Esta é a pergunta jogada para o público do 1º Festival Literário Internacional de Belo Horizonte (FLI-BH). A questão foi levantada pelo jornalista e escritor Humberto Werneck. Aos 70 anos, ele prepara biografia sobre este mineiro e que é considerado um dos mais relevantes nomes da literatura mundial. Drummond é homenageado pelo Festival que termina neste domingo (28), no Parque Municipal Américo Renné Giannetti.

Werneck é autor de “O Desatino da Rapaziada”, livro publicado originalmente em 1992, e que há três anos ganhou edição comemorativa revista. “Desatino” é uma espécie de documento histórico que faz a convergência de trajetórias jornalísticas e literárias de uma geração de intelectuais como o próprio Drummond, além de Rubem Braga, Murilo Rubião, Otto Lara Resende, Luiz Vilela, entre outros.

E é para colocar em prática o faro jornalístico que Werneck precisa achar um generoso espaço na agenda dele. O espaço, que ele chama de "monogâmico", será exclusivamente para falar, mais uma vez, sobre o poeta itabirano. Isso quase 30 anos após a morte do artista lembrados em 2017.

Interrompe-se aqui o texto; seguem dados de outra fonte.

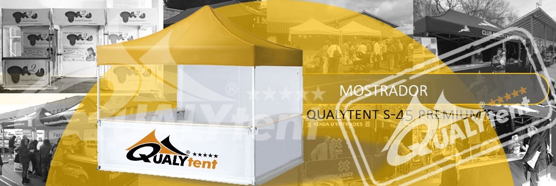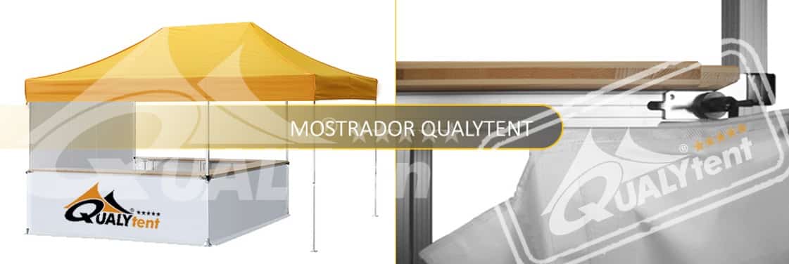 Los mostradores Qualytent se integran, de manera natural, en la estructura de las carpas plegables QT S-45 Premium. Permitiendo su colocación en cualquier de sus laterales, de una forma total o parcial.
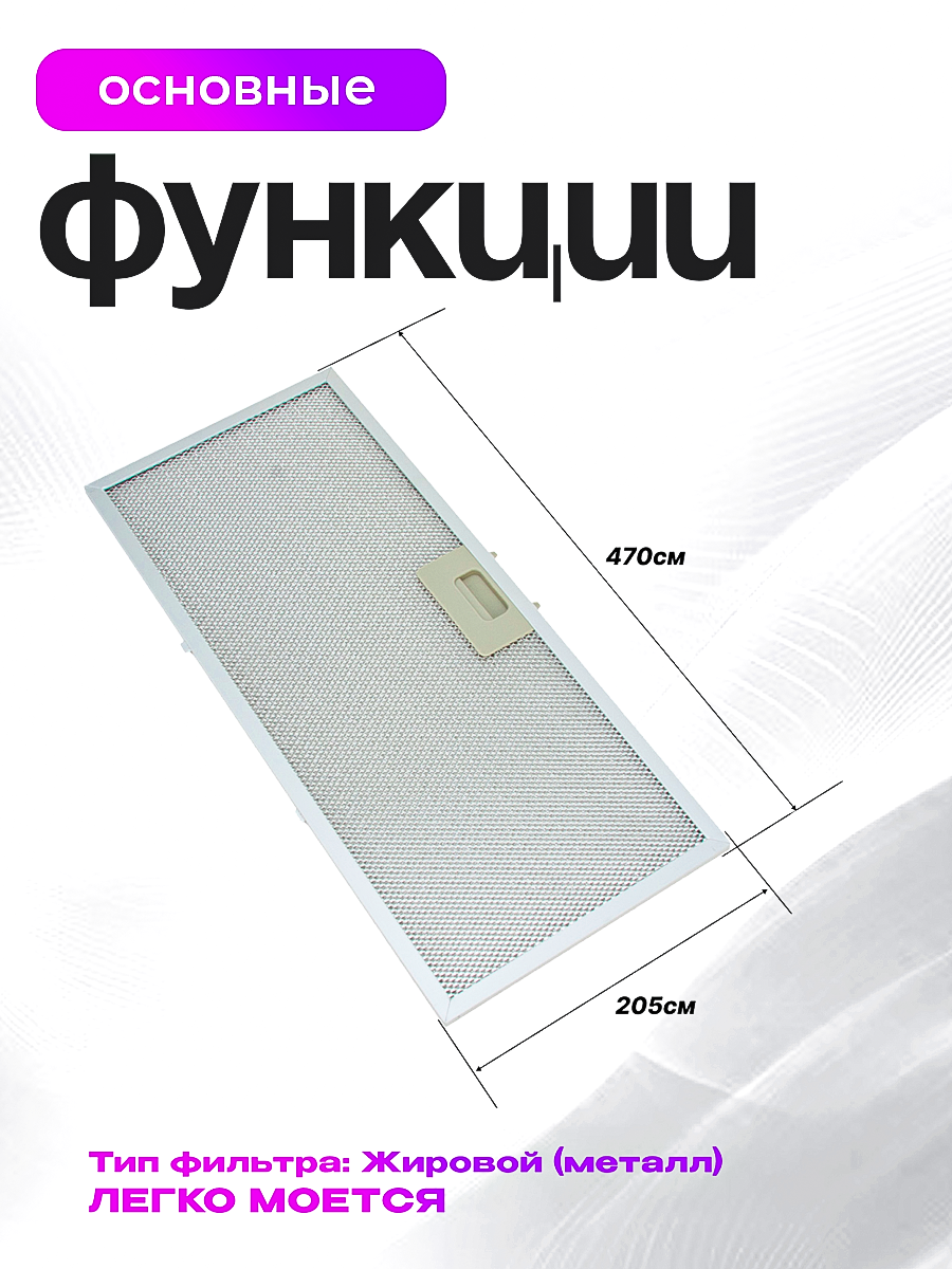 Белый цвет корпуса придает вытяжке элегантный и современный вид, который легко сочетается с различными стилями кухонной мебели. Управление интуитивно понятное, что делает использование вытяжки максимально комфортным.
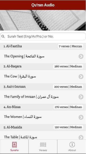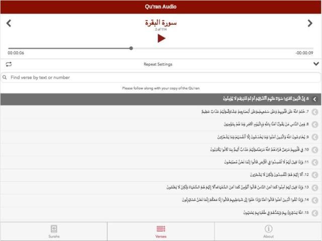 Qur'an Audio adalah aplikasi media audio yang dirancang untuk memberikan pengalaman yang optimal dengan bermain pembacaan audio setiap ayat dari Al-Qur'an dengan browsing dengan Surah / Bab atau mencari teks ayat. Hal ini dirancang untuk digunakan sebagai sumber daya membalik ketika mempelajari pengucapan bahasa Arab Al-Qur'an (Tajwid) dengan seorang guru. Siswa dapat mengatur berbagai ayat diulang secara otomatis untuk membantu dengan menghafal dan praktek ayat-ayat yang ditugaskan sebagai pekerjaan rumah. Mahasiswa itu kemudian mengikuti bersama dengan salinan dari Al-Qur'an, daripada membaca secara digital, sebagai berikut sepanjang dari bahan cetak diakui menjadi lebih baik untuk mengingat dan ulasan. Audio bacaan adalah dengan Mohamed Siddiq El-Minshawi, diakui untuk Tajwid sempurna nya.
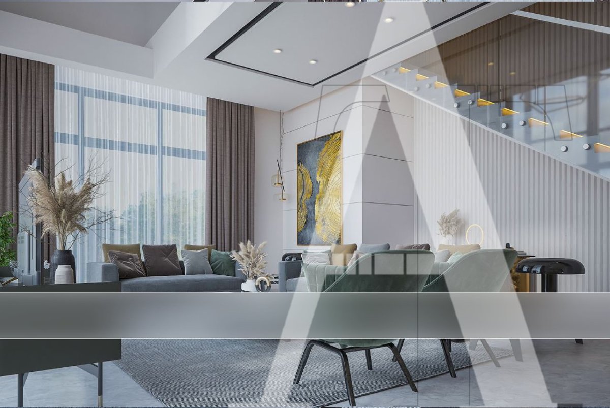 أما هنا فترى التصميم الداخلي لصالة الجلوس الرئيسية
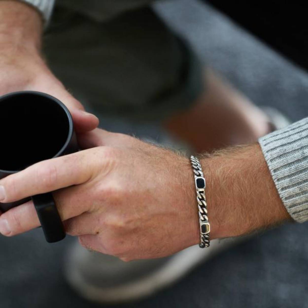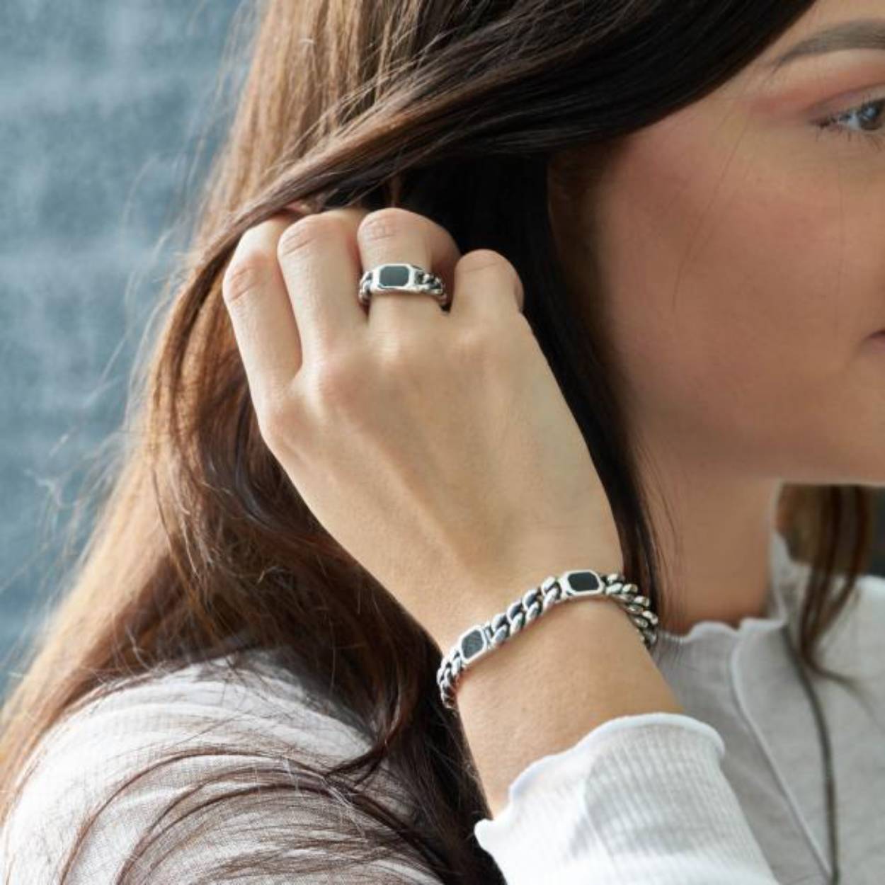 Stoere zilveren schakel armband met zwart resin. De verwerking van de zwart resin / giethars maakt deze handgemaakte zilveren schakel armband opvallend en uniek. De 925 sterling zilveren armband sluit middels een karabijn sluiting. De zilveren armband is onderdeel van een tijdloze stoere doch elegante set. Combineer deze stijlvolle en stoere armband met de nieuwste soepele 691 ring ingelegd met zwart resin, draag daarbij de bijpassende zilveren 686 ketting met het 692 hangertje.
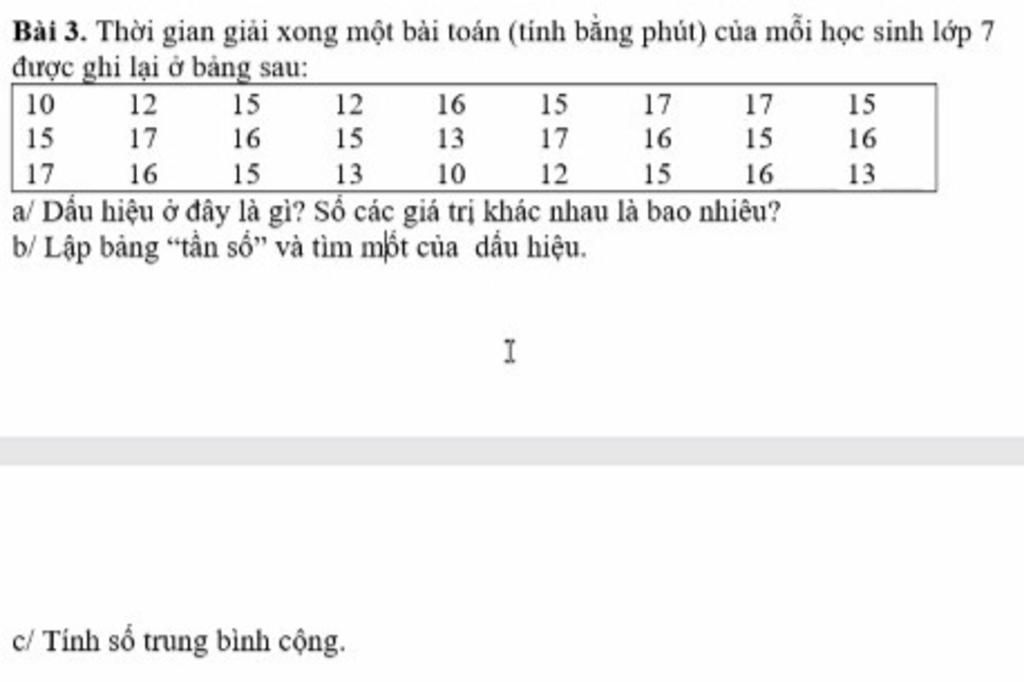 a) Dấu hiệu: thời gian giải xong một bài toán của mỗi học sinh lớp 7

“O convite foi feito pela Companhia das Letras (editora), espero dar conta”, frisa. Werneck diz que Drummond é uma espécie de "eixo" na vida dele. “É o cara que falou por mim as coisas que eu não dou conta. Eu tive vários encontros com ele para entrevistas”. Mas o jornalista diz que não chegou a ser “amigo” do escritor. “Quem sou eu para isso?”, intimida-se.

Mas Werneck diz que a admiração pelo biografado não vai “paralisá-lo” na pesquisa e que há, sim, indícios de novidades sobre a vida do mineiro. O jornalista esclarece que esta não é um biografia “autorizada” pela família. Ainda assim, salienta, os herdeiros veem com bons olhos o fato de que ele a faça, graças ao histórico de publicações que tem sobre o poeta.

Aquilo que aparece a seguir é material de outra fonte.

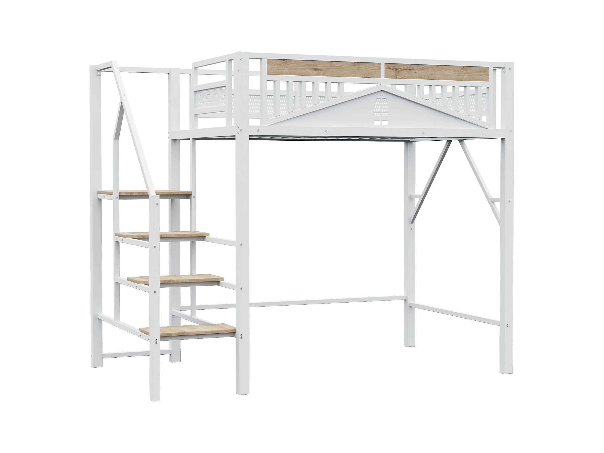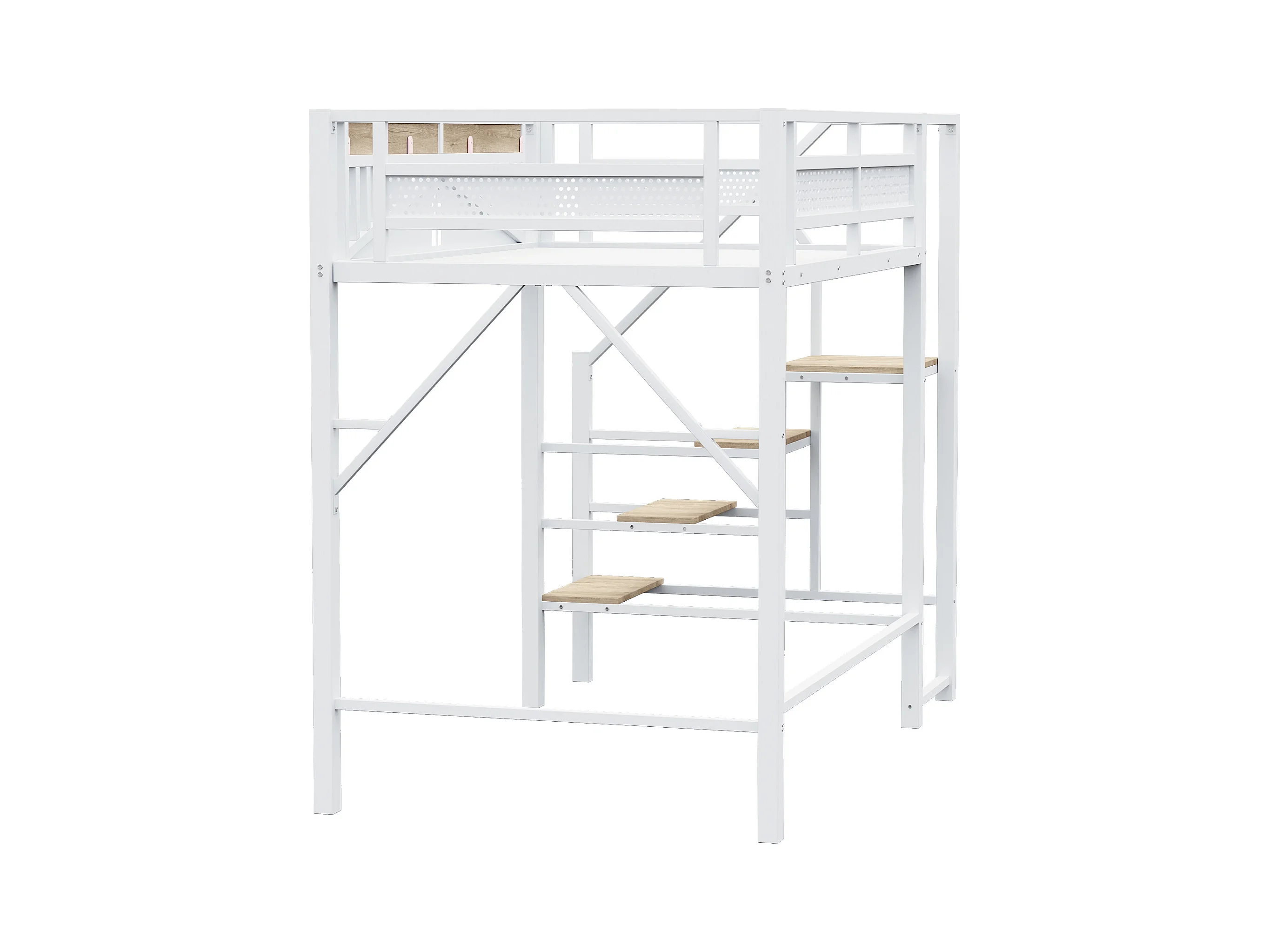 Lit mezzanine blanc et bois 140x200cm avec barrières de sécurité et escalier, métal + MDF (sans matelas)
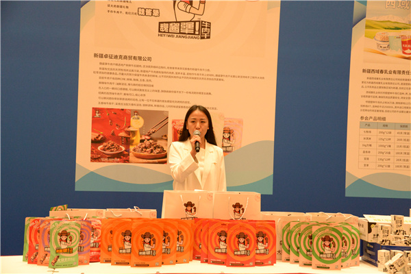 會後,記者採訪了新疆卓征迪克商貿有限公司魏醬犟牛肉乾品牌的創始人魏雅欣,她說,新疆有優良的天然牧場,牧草肥沃,遠離污染,新疆地產牛肉擁有獨特的肉質,營養豐富,是製作牛肉乾的上好材料。希望通過此次會議,讓更多的朋友來我們新疆做客,看新疆風景,品新疆美食。
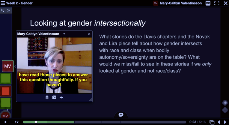 (2) Captions can be tricky to manage. If your university has a subscription, you may be able to request automatic captions from VoiceThread directly. They take about four days to process (so you must make sure to do this before the course begins—which means you also need all your VoiceThread lecture content prepped ahead of time). Mary-Caitlyn finds them to be of middling quality, but they can also be edited by hand once initially processed. (You can also, of course, upload your own caption files to each slide narration.)
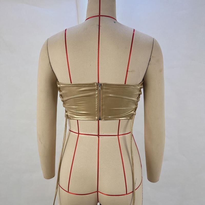 ベアトップ レディース 春夏 欧米ストリート系 セクシー 肌見せ メタリック 光沢 ビスチェ ボーン入り スリムフィット 伸縮 ショート丈 トップス ポリエステル ダンス 衣装 イベント
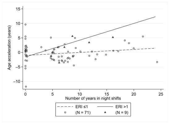 Association between the number of years in night shifts and age acceleration, stratified by ERI.
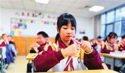 万全小学开学典礼上,同学们跟随老师现场制作“非遗”绒花,感受“非遗”技艺的魅力。 本报记者 刘欣 摄
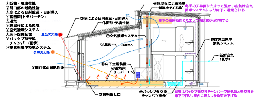 ZEB,ZEHの設計で最も難しいのはパッシブ換気方式である。2007年に七沢希望の丘初等学校では森から新鮮空気を採取し、地中に50mのダクトを入れて地中熱で新鮮空気を暖める(または、冷す)手法を採用した。この時は約7℃の温度差で新鮮空気が上がってくることで地中熱の威力を知った。その後、長久手のたいようの杜では、斜面地であったため床下の容量が大きく、排気空気で新鮮空気を暖める方法を考えた。排気空気を導入した床下は、室内とほぼ同じ20℃近い温度となっており、その中を蛇腹ダクトで新鮮空気を導入している。それ以降は排気空気の熱を新鮮空気に回収する熱交換方式をⅠ種換気(給排気ともに機械換気)で採用しており、この方式は73%の温度交換効率を記録している。これで熱交換に関しては完成したが、潜熱の回収に関する課題が沸き起こってきた。これは温暖化により、外気温が35℃を超え、相対湿度が60%を超えるなど、エアコンを利用しても湿度が下がらないなどの日が増えた。この状況に対応するために、日中の潜熱をどうとるかという課題に現在取り組んでいるところである。

Werneck já possui um roteiro de lugares nos quais vai coletar as pegadas biográficas de Drummond: Rio de Janeiro, alguma coisa em Belo Horizonte, Itabira. “Mas também há lugares como Nova Friburgo, onde Drummond foi estudar, mas acabou sendo expulso do colégio por insubordinação mental”.

Mas como falar de alguém de quem, parece, já se falou tudo? “Agora vou falar de um cara, de quem todo mundo já ouviu falar. No entando, será que as pessoas realmente conhecem Carlos Drummond de Andrade? O que se diz é que ‘era um grande poeta’ e parará…”

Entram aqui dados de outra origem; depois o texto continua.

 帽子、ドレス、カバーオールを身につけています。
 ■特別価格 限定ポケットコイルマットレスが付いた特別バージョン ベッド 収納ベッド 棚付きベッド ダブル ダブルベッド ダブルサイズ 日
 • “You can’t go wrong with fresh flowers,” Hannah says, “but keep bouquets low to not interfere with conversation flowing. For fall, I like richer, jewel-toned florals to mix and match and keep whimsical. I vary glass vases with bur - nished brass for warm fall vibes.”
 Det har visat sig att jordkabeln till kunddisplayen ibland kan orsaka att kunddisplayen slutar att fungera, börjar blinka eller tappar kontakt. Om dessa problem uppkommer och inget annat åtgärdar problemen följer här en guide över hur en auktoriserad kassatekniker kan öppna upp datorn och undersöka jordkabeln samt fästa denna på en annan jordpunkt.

“Vou falar da vida de homem que, supostamente, não comportou grandes acontecimentos”, expõe sobre uma das faces do desafio. E neste sentido, o jornalista compara Drummond com Vinicius de Moraes: “Ele não foi como Vinicius, que teve nove casamentos, foi diplomata… Drummond saiu do Brasil poucas vezes. Sempre para Buenos Aires, para conhecer os netinhos”, cita, a caminho do debate da FLI-BH, no Teatro Francisco Nunes.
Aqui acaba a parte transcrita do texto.